Gozo still secured the best possible financial package from the EU, regardless of the European Commission saying it was not eligible for special treatment, Giovanna Debono said yesterday.

The former Gozo minister was reacting to criticism from the Labour government over the fact that the former Nationalist administration had never made a 2012 Commission report on Gozo public. This in spite of the fact that the PN was suggesting Gozo should be treated as a special economic “region”.

According to the study, whose existence was revealed last week, Gozo was too close to the ‘mainland’ to qualify as a special economic region and tap additional funds.

The economic and social hurdles faced by Gozitans to cross the five kilometre-channel to Malta were relatively “negligible” when compared with those faced by inhabitants of other EU islands.

Contacted by Times of Malta, Ms Debono yesterday argued that the bottom line was that in 2013 former Prime Minister Lawrence Gonzi had negotiated a deal through which the Maltese islands had remained an ‘Objective 1’ country and so qualified for the maximum level of funding.

The Nationalist government, she added, had committed itself to allocate one tenth of the €1.18 billion EU budget specifically to Gozo.
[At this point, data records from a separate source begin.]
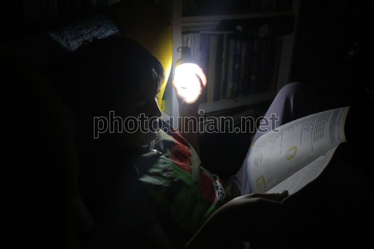 Школяр робить уроки без світла
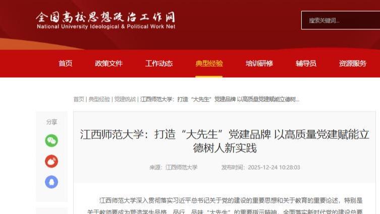 近日,全国高校思想政治工作网及官微以《江西师范大学:打造“大先生”党建品牌 以高质量党建赋能立德树人新实践》为题,全文刊发并重点推介我校深入贯彻落实习近平总书记关于党的建设的重要思想和关于教育的重要论述,将提升党建工作质量与弘扬践行教育家精神深度融合,精心打造“大先生”党建品牌的特色做法与成效。附相关链接:https://www.sizhengwang.cn/a/dxjy_djtz/251224/2299127.shtmlhttps://mp.weixin.qq.com/s/jquS0Ib...
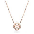 اجعلي الحظ حليفك الدائم مع هذا العقد الأنيق. تزدان هذه القطعة بحجر شفاف براق على شكل زهرة البرسيم المصممة بشكل حر عائم داخل إطارها، مع سلسلة مطلية باللون الذهبي الوردي. اختاري هذه القطعة للارتقاء بإطلالتك وحظك.
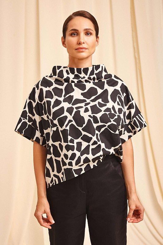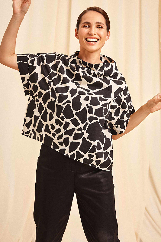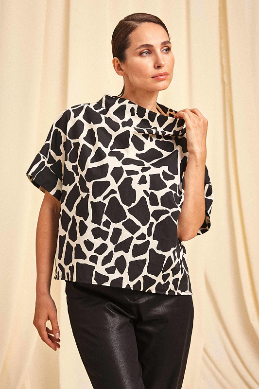 Эффектная хлопковая блуза с оригинальным принтом, напоминающим окрас жирафа.
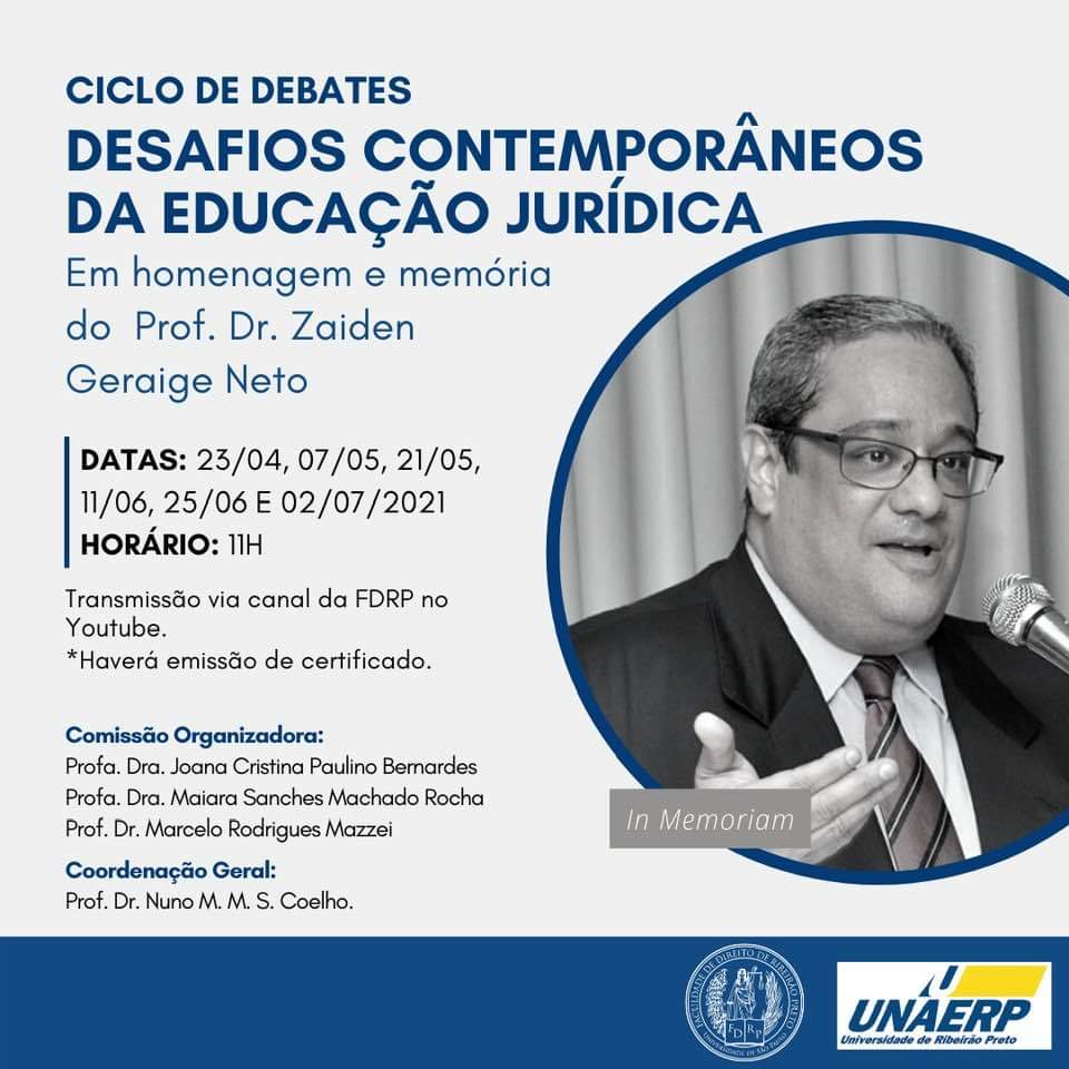 O curso de Direito da Unaerp é um dos organizadores do ciclo de debates “Desafios Contemporâneos da Educação Jurídica”, em homenagem e memória do professor Zaiden Geraige Neto.

However, Gozo’s constituted bodies have sought assurances over the report, expressing concern that it might still have negative repercussions regarding EU funding.

In its initial reaction, the Gozo Business Chamber questioned the reliability of the study and cast doubts on crucial statistics such as those on Gozo’s population.

“We cannot be persuaded by this report that Gozo’s gross domestic product has reached the same level as Malta’s,” Chamber president Michael Grech said.

We cannot be persuaded by this report thatGozo’s gross domestic product has reached the same level as Malta’s

“Did the study also include those people living permanently in Malta, whose ID card is on a Gozo address so as to benefit from cheaper ferry rates?”he asked.

He pointed out that the reliability of statistics about Gozo had been a perennial problem which at times resulted in “misleading” data.

In this case, he said, the size of the population was crucial for the calculation of Gozo’s GDP, which was one of the main economic indicators.

Even some of the fiscal data was questionable as large companies with their head office in Malta did not treat their operations in Gozo separately when it came to tax and VAT.

He also made the case that people doing the same work in Malta and Gozo might be getting paid less on the sister island.

The chamber intends to seek assurances from the government that Gozo will not be placed at a disadvantage due to this study. These points would also be raised directly with the Commission, the chamber said.

Mr Grech also lamented the fact that the chamber had not been consulted at any stage during the compilation of the study.

In this respect he welcomed the call made by Gozo Minister Anton Refalo that a separate statistics office should be established for the sister island, to be able to get a good picture of the situation.

The Gozo Tourism Association said that, even though successive governments had pledged to allocate 10 per cent of EU funds to Gozo, there were no statutory or mandatory obligations to enforce such a commitment for the future.

GTA CEO Joe Muscat also made the point that the mechanism envisaged in the Accession Treaty, to obtain special treatment if Gozo was lagging behind Malta in economic and social terms, had never been triggered.

He said the tourism sector in Gozo had supported EU accession as it was common belief that the island’s constraints stemming from its double insularity could be addressed.